Abstract
In joint prostheses where ultra-high molecular weight polyethylene (UHMWPE) is used as bearing material, efficacious treatments such as crosslinking, addition of vitamin E and the grafting of phospholipid polymer are known to improve wear resistance. Under severe conditions of various daily activities, however, friction and wear problems in such prostheses have not yet been completely solved. In contrast, extremely low friction and minimum wear have been maintained for a lifetime in healthy natural synovial joints containing articular cartilage with superior lubricity.
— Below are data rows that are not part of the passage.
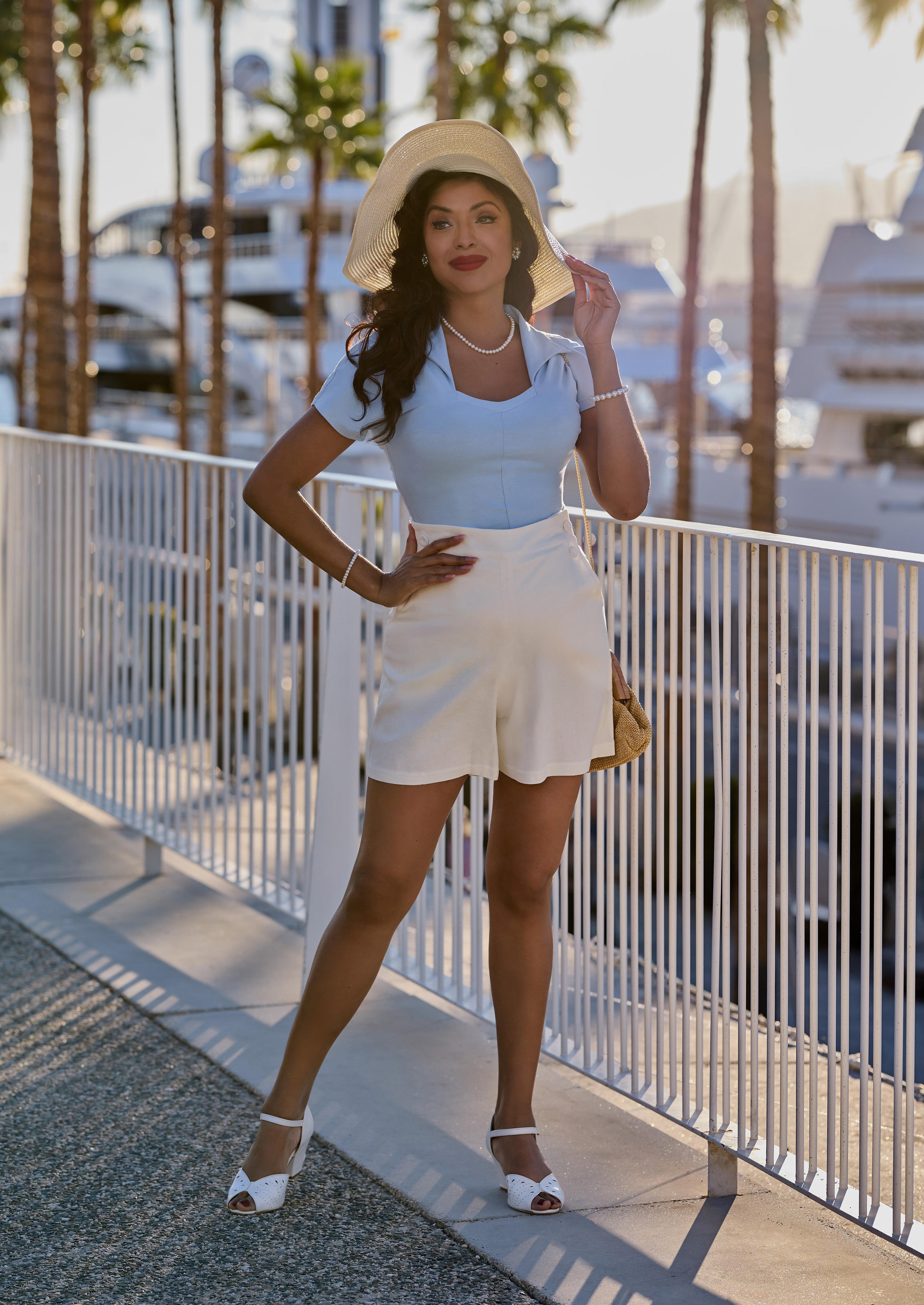 A linen blouse with a classic Chelsea collar and breezy short sleeves, embodying effortless elegance in true Miss Candyfloss style.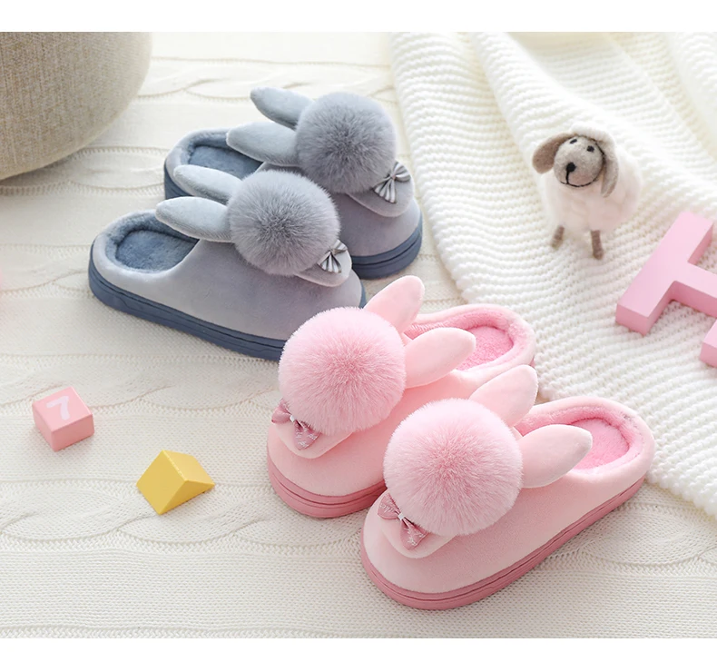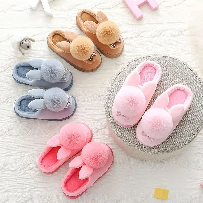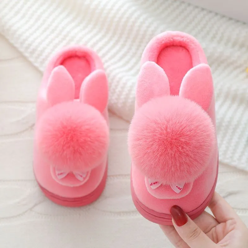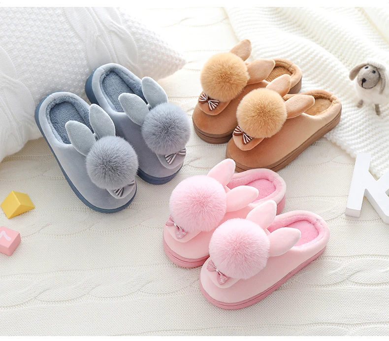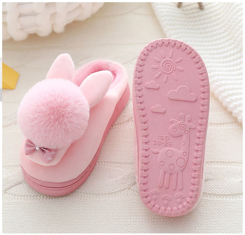 Зимние детские тапочки для девочек и мальчиков; Домашние тапочки с рисунком кролика; Теплая Домашняя обувь; Детская обувь; Плюшевые тапочки с бантом для девочек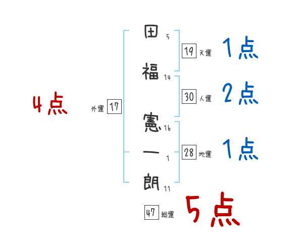 外運![]() | 田福憲一朗さんの外運は17画の4つ星!積極的な行動力。地位を気づき財産を手に入れる。純粋な心と直感力。 生活面を象徴する運勢です。外部から受ける影響力を表し、結婚運、家庭運や職場、環境への順応性を表します。 |
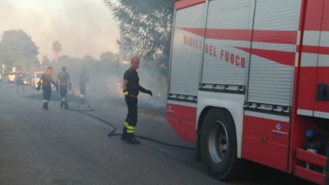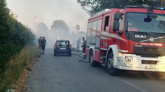 Devastante incendio sulla provinciale, ore di lavoro per i vigili del fuoco. L’ira del sindaco Natale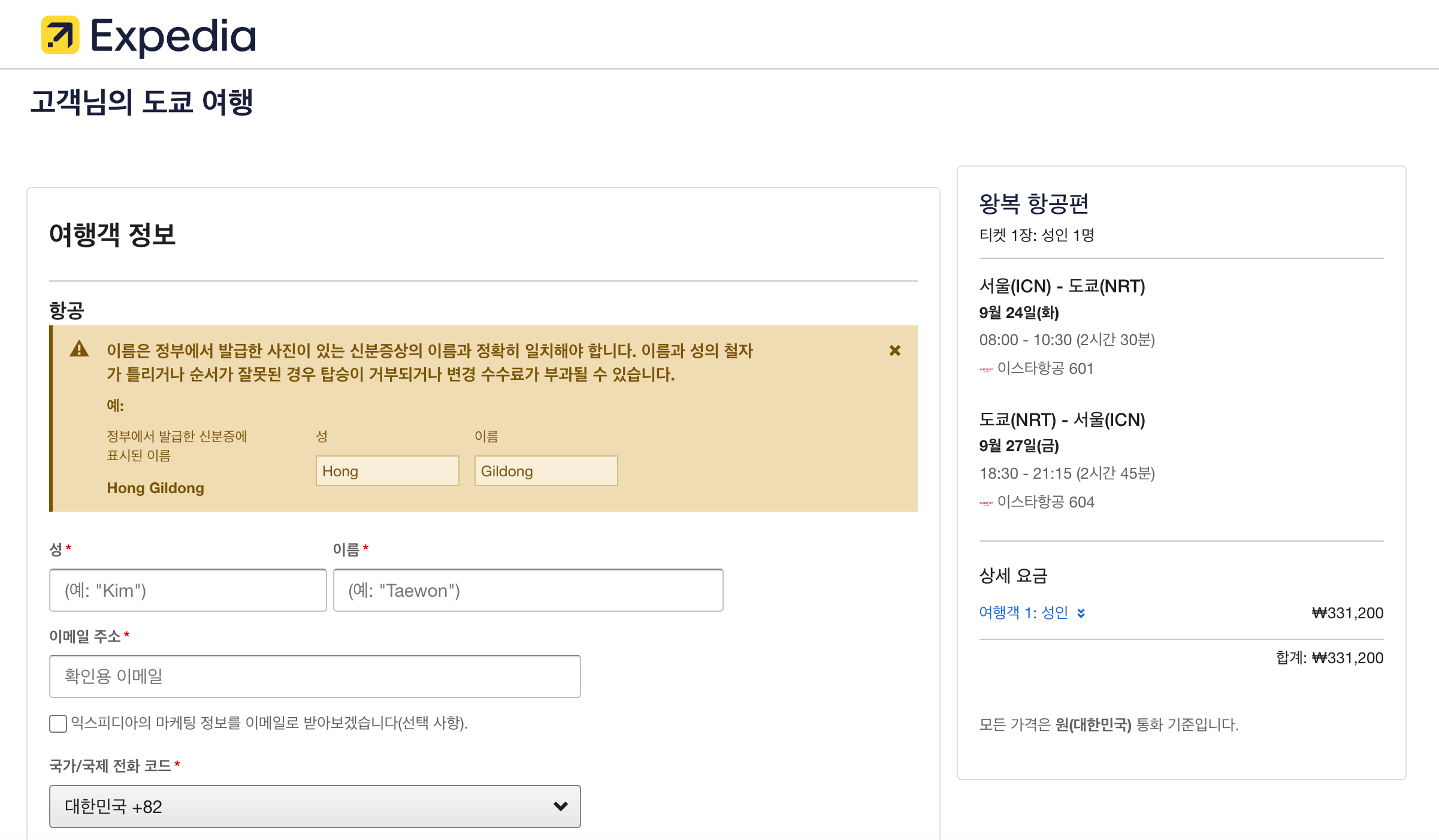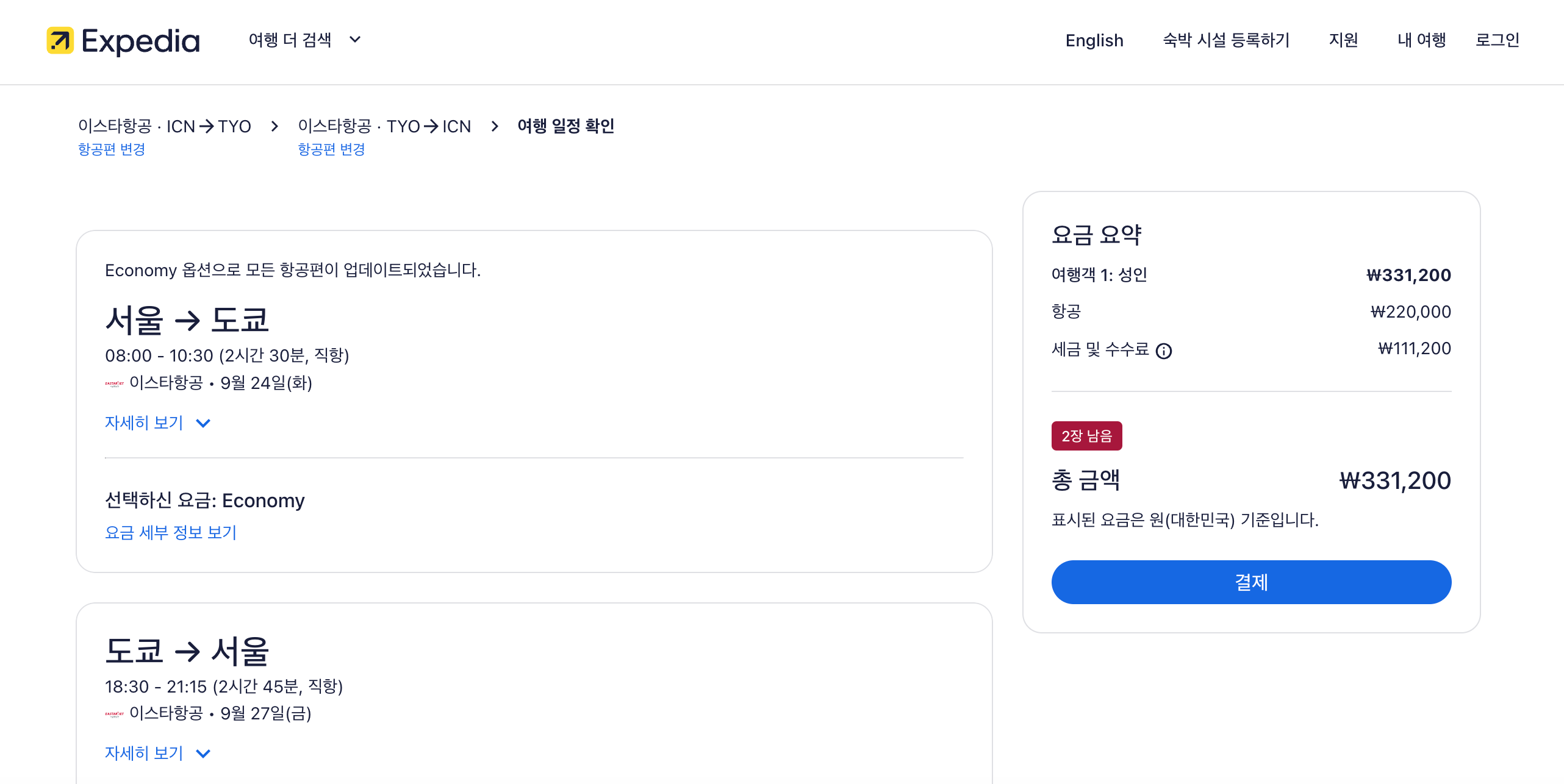 익스피디아로 최저가 항공권 예약 해보기

Accordingly, joint prostheses containing artificial hydrogel cartilage with properties similar to those of articular cartilage are expected to show superior tribological functions. In establishing the function of artificial hydrogel cartilage as a novel material for joint prostheses, the tribological properties of hydrogel materials used and synergistic performance with synovia constituents are both important. In this study, the influence of synovia constituents on friction and wear in artificial hydrogels was examined in reciprocating test and compared with that for articular cartilage.
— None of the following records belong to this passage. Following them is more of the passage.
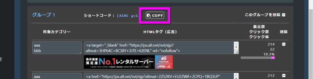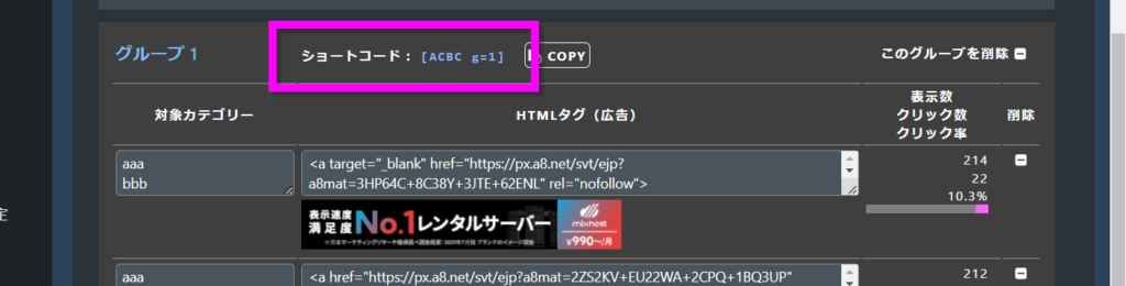 グループごとにショートコードが発行されますので、ウィジェットや記事に記載してください。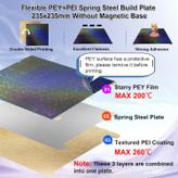 صفحه ساخت با پوشش PEI و PEY هولوگرافیک می تواند بافت هایی فانتزی به قطعات چاپ شده منتقل کند. سمت صاف PEY درخشان بوده و سمت بافت دار PEI حس مات و یخ زده فوق العاده ای به قطعه می دهد.
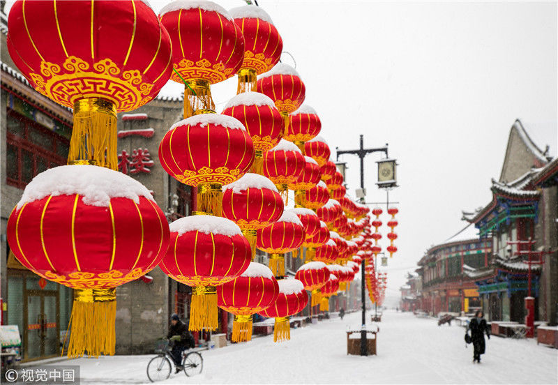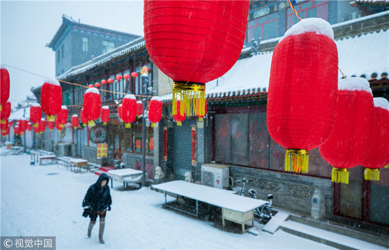 2019年2月14日,在呼和浩特市玉泉区塞上老街,游客冒雪出行。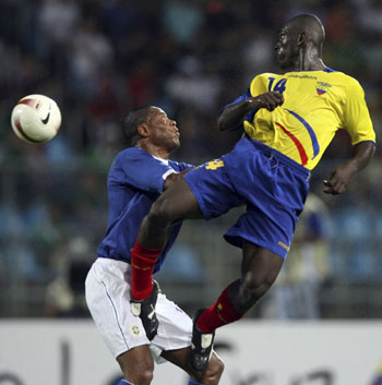 Ecuador's Segundo Castillo (R) heads the ball past Brazil's Julio Baptista in Match 16 of the Copa America soccer tournament in Puerto La Cruz July 4, 2007. Brazil won 1-0 with Robinho's second-half penalty.[Reuters]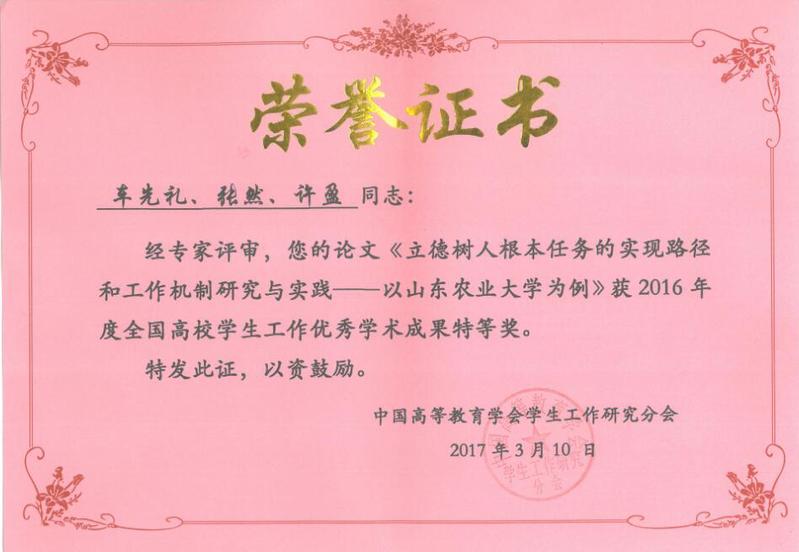 在中国高等教育学会学生工作研究分会开展的全国高校学生工作优秀学术成果评选中,我校选送的5篇论文获奖。其中,《立德树人根本任务的实现路径和工作机制研究与实践——以山东农业大学为例》(作者车先礼)获特等奖,《“6+1”辅导员队伍精培工作法的实践探索——以山东农业大学为例》(作者朱莉)、《“四五三五”:辅导员队伍建设的模式创新》(作者吴衍涛)获一等奖,《论深度辅导在高校学生工作中的应用》(作者李涛)、《大学生的情感风险及其可控路径》(作者王斐)获二等奖。

As biocompatible artificial hydrogel cartilage materials, three poly(vinyl alcohol) (PVA) hydrogels were prepared using the repeated freeze-thawing (FT) method, the cast-drying (CD) method and hybrid method for CD on FT, which are physically crosslinked with hydrogen bonding but differ in terms of structure and mechanical properties. First the frictional behavior of the PVA hydrogels and articular cartilage as ellipsoidal specimens was examined in reciprocating tests against a glass plate with a sliding speed of 20 mm/s under constant continuous loading. As shown in Fig.1, the three hydrogels exhibited different frictional behaviors in a saline solution. It is noteworthy that the hybrid gel maintained very low friction until the end of test. The CD gel showed slightly higher friction and a gradual increase. Meanwhile, the FT gel showed initial medium friction and a gradual increase echoing the time-dependent behavior of natural articular cartilage. Based on these observations, focus was placed on FT gel and articular cartilage to examine how synovia constituents influence friction and wear in these hydrogel materials.
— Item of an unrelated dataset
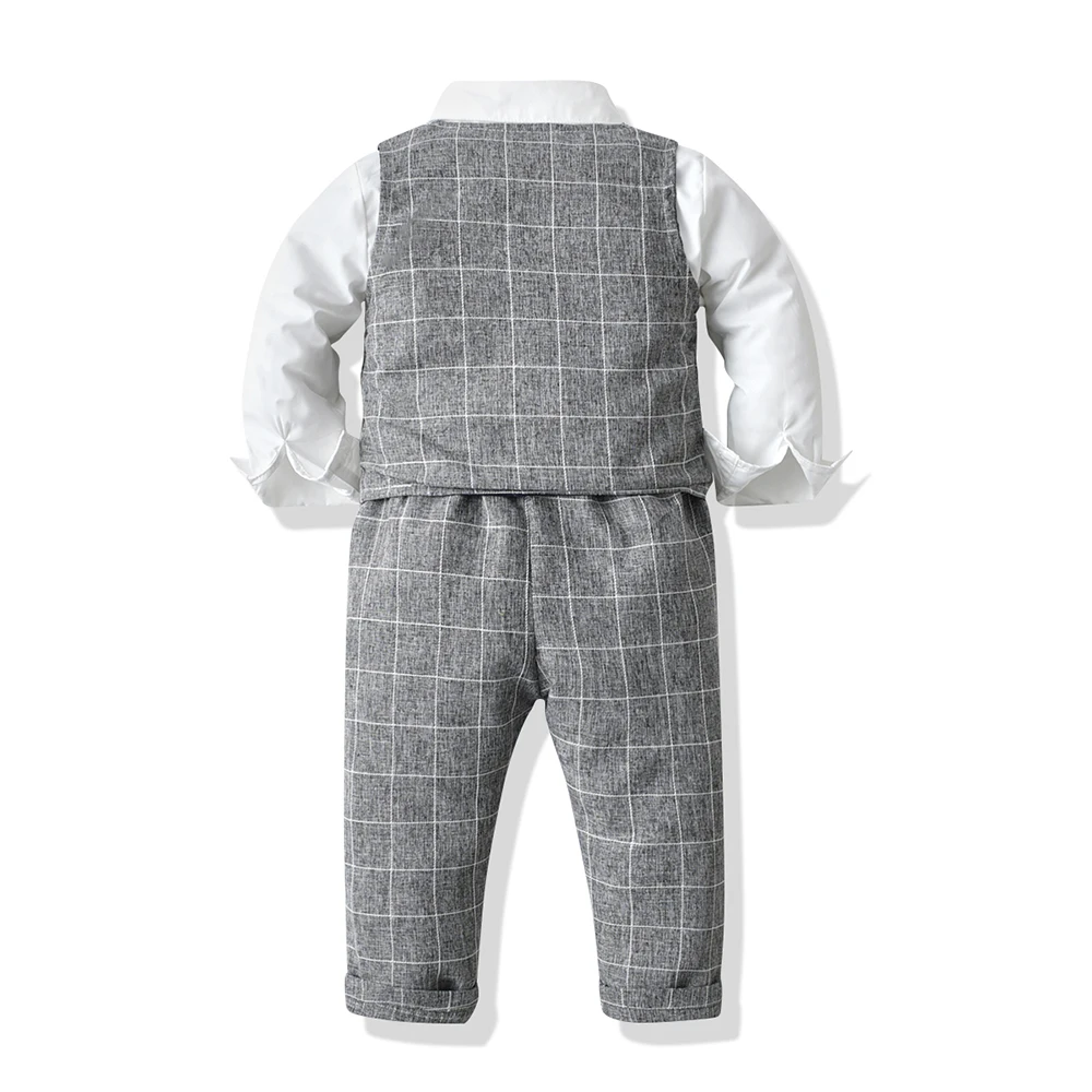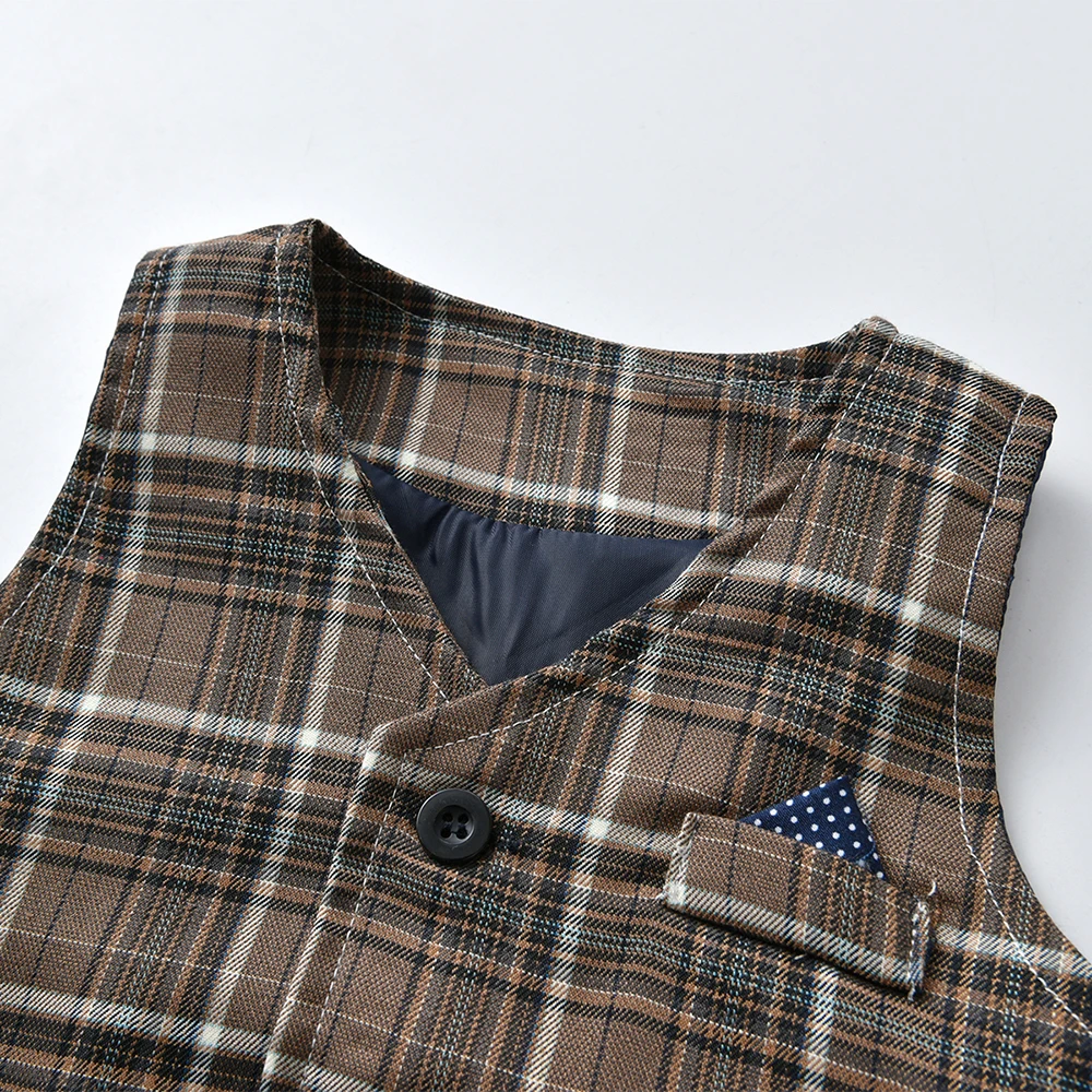 Комплект одежды для мальчиков 2-7 лет, хлопковый формальный клетчат...

In human body, lubricating constituents in synovial fluids such as hyaluronic acid, proteins, glycoproteins and phospholipids are considered to reduce the coefficient of friction in solid-to-solid interaction. Here, the effects of hyaluronic acid (HA, molecular weight: 9.2×105), serum proteins and phospholipid were examined. Dipalmitoylphosphatidylcholine (DPPC) was used as a typical phospholipid. As indicated in Fig.2 for repeated reciprocating tests, addition of HA alone was effective particularly for PVA-FT hydrogel. The combination of HA and DPPC was more effective in reduction of friction. The simulated synovial fluid (composed of HA 0.5 wt%, DPPC 0.01 wt%, albumin(Alb) 1.4 wt% and gamma-globulin (g-glob) 0.7 wt%) exhibited both low friction and minimum wear. The rubbing surfaces of articular cartilage and FT gel after tests are shown in Fig.3. On the articular cartilage surface, gel-like surface layer existed. On the FT gel surface, the original texture was observed without damage.
These results indicate the importance of synovia constituents for the clinical application of artificial hydrogel cartilage in joint prostheses.